Plaque at The Eagle pub. Credit: Benjah-bmm27 via Wikimedia Commons.

On February 28th 1953, an excited Francis Crick walked over the Cambridge pub The Eagle and announced that he and James Watson had “found the secret of life” by figuring out the structure of DNA. Crick and Watson realized that the ordered sequence of DNA base pairs was likely how genetic information is stored. But the real secret of life is not how genetic information is stored, but how it is read out by millions of acts of molecular recognition. The secret of life is specificity. As D.L. Nanney put it in a prescient 1958 paper on epigenetics, the genome is a “library of specificities.”
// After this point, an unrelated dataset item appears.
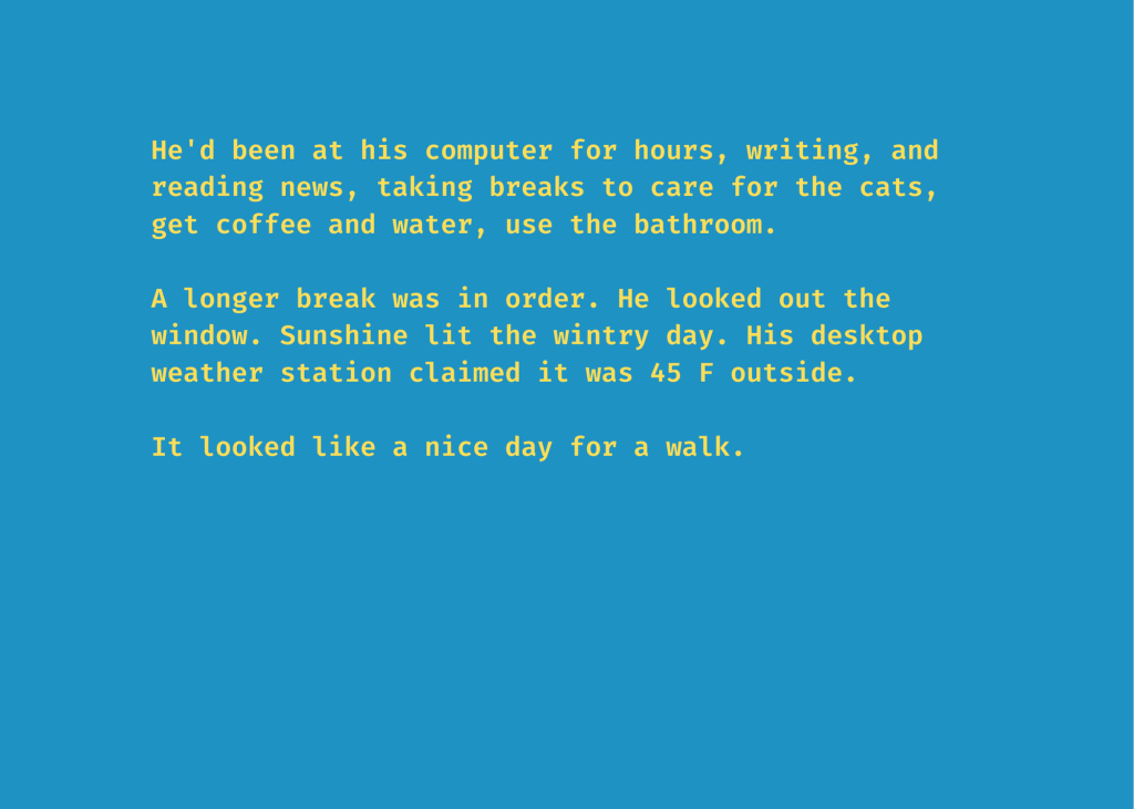 Finished editing and revising The Constant. Final results: 391 pages, 106,291 words. Speculative science fiction mash up. I’ve worked on it throughout the coronavirus pandemic, beginning it around the time in March of 2020 when wearing masks, social distancing, isolation, and watching the daily case numbers became the new norms of the age. I’d been forced into a change of my writing practices. I liked walking to get into the writing rhythm, writing in my head as I did, then settling into a coffee shop, comforted and buffeted by the business activities around me, lowering my head and writing for a few hours. That was all forced aside under COVID-19 rules. Staying at home, shifting into the writing rhythm without the associated rituals was an exhausting, frustrating shift.
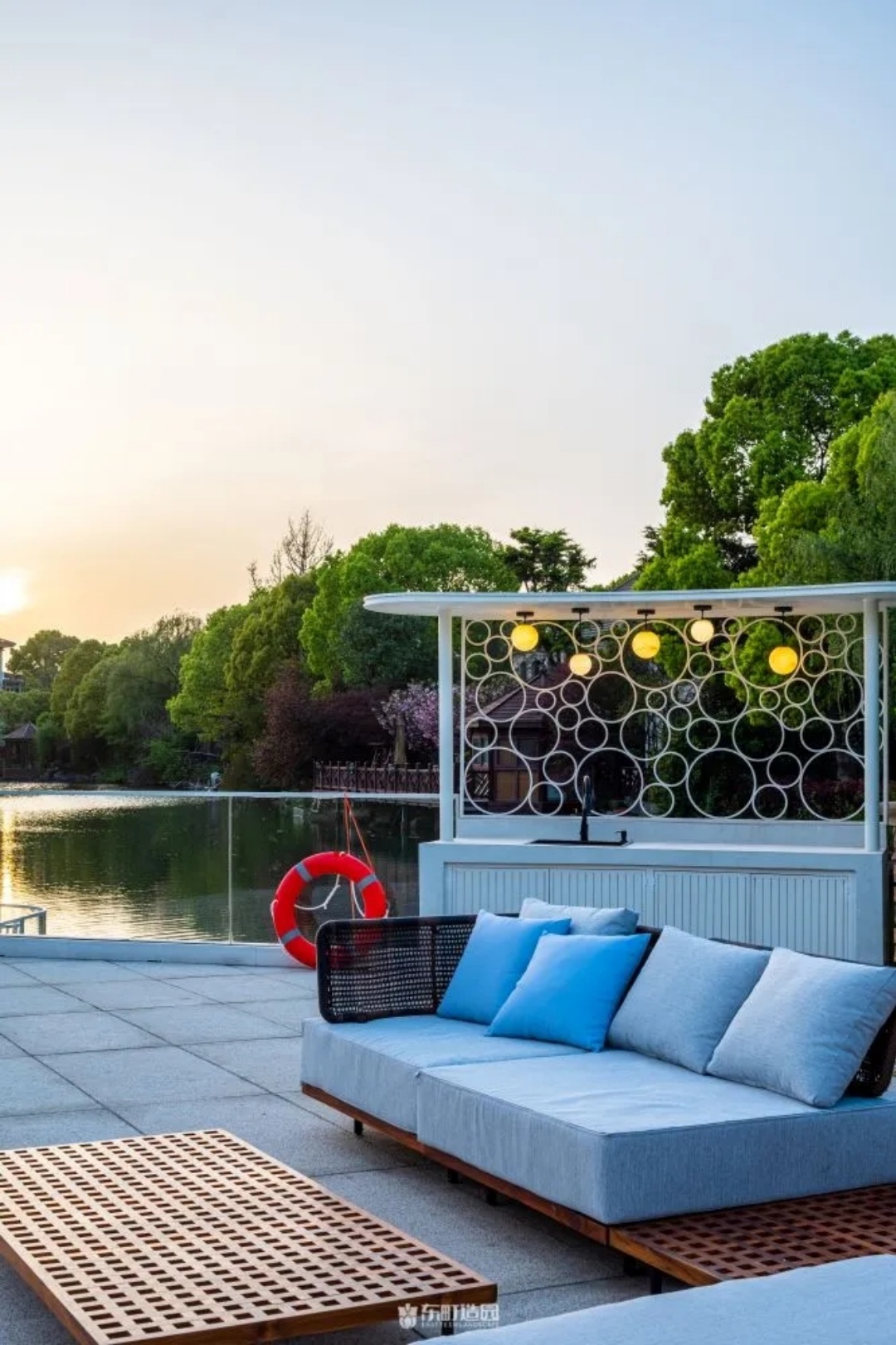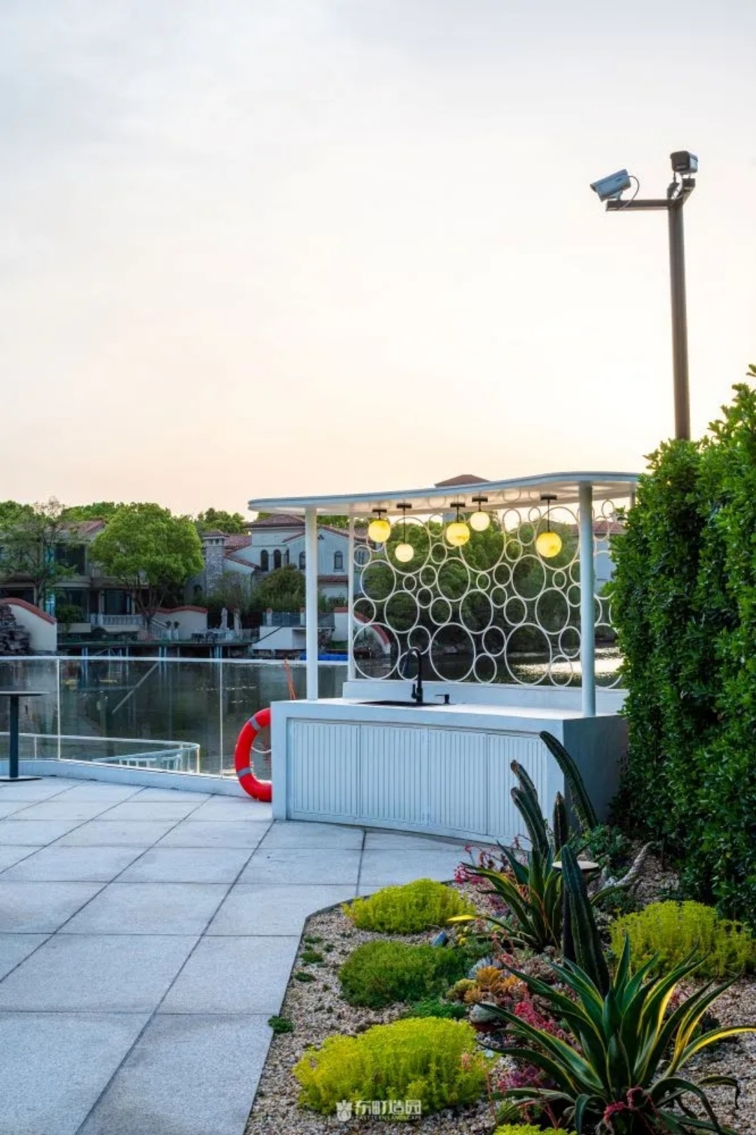 We have also placed outdoor dining areas in this area so that the owners can meet and relax in this environment. When operating in this area, consider landscape and convenience. We wanted to use the original lake for viewing and plant some plants around to create a Beverly Hills feel.

One of the outstanding problems in genomics has to do with the specificity of DNA-binding regulatory proteins. To do the job of regulating gene expression, these proteins need to find their correct binding sites within a vast, 3.2 billion base-pair genome. The puzzle is that DNA-binding proteins don’t seem to have enough specificity to do this. They intrinsically recognize short sequence motifs that occur millions of times in the genome, and in most cases, probably fewer than one in a thousand of those sites is actually bound. So where is the information that enables DNA-binding proteins to find their targets?
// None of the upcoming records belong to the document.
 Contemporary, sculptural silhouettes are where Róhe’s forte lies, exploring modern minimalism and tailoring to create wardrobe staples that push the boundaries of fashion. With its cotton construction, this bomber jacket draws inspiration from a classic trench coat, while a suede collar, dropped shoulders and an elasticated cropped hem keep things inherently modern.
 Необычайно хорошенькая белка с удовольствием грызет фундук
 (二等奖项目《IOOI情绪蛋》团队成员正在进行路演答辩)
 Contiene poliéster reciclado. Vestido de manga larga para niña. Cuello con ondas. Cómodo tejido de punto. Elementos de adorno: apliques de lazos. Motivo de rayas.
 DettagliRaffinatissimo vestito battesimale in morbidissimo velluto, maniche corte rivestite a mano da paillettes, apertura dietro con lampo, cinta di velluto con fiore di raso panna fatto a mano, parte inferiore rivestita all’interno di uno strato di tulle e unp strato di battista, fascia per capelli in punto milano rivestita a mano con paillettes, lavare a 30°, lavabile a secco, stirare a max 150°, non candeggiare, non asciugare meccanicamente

Last week, here at Washington University, we heard a nice talk by Harvard biologist Martha Bulyk, who has long been a leader in this field. Martha was participating in our symposium held in honor of my colleague Gary Stormo, a pioneer of computational biology who, with his colleagues, invented the ubiquitous position weight matrix model of DNA motifs. (More on this symposium next month… stay tuned.)

Dr. Bulyk spoke about her lab’s newest technology for studying transcription factor binding sites: PADIT-seq (protein affinity to DNA by in vitro transcription and RNA sequencing). PADIT-seq cleverly sits in between in vivo functional assays with reporter genes and biochemical binding assays like the protein-binding microarrays (PBMs) that the Bulyk lab invented. In vivo assays measure the function of a regulatory protein binding site within the complex environment of a cell, where the experimenter doesn’t have complete knowledge of what is binding to a particular segment of DNA and contributing to its functional activity. In vitro assays like PBMs only measure binding affinity, but we know that binding affinity of a protein to DNA is only partially correlated with regulatory activity.

PADIT-seq measures regulatory function, which is typically obtained in vivo, in an in vitro system. In PADIT-seq, a library of reporter genes with transcription factor binding sites control in vitro transcription of barcoded reporter genes. This transcription isn’t subject to all of the complexities of an in vivo cell environment, but it is more sensitive than typical in vitro binding assays because it amplifies a protein binding event by producing RNA transcripts.  For the aficionados, PADIT-seq is a state-of-the-art method that is related to the original MPRA assay and to the one-hybrid yeast assays by Gary Stormo and Scot Wolfe (who also spoke at our Stormo symposium).

The punch line of the PADIT-seq paper is more evidence for an idea that has been floating around in the field for a little while: effective DNA binding sites are often surrounded by a halo of weaker affinity binding sites. These weaker sites may act to create an elevated binding affinity landscape around the main binding site, thus distinguishing functional binding sites from non-functional sites.

Figure 8 of Khetan and Bulyk.

How common is this in the genome? It would be nice to see a systematic evaluation, but this may be a common mechanism by which DNA-binding proteins read the genome.

Along with the PADIT-seq preprint, Martha also spoke about her labs recent paper looking at how mutations in DNA binding proteins change their affinity and specificity. It’s worth reading along with the PADIT-seq work.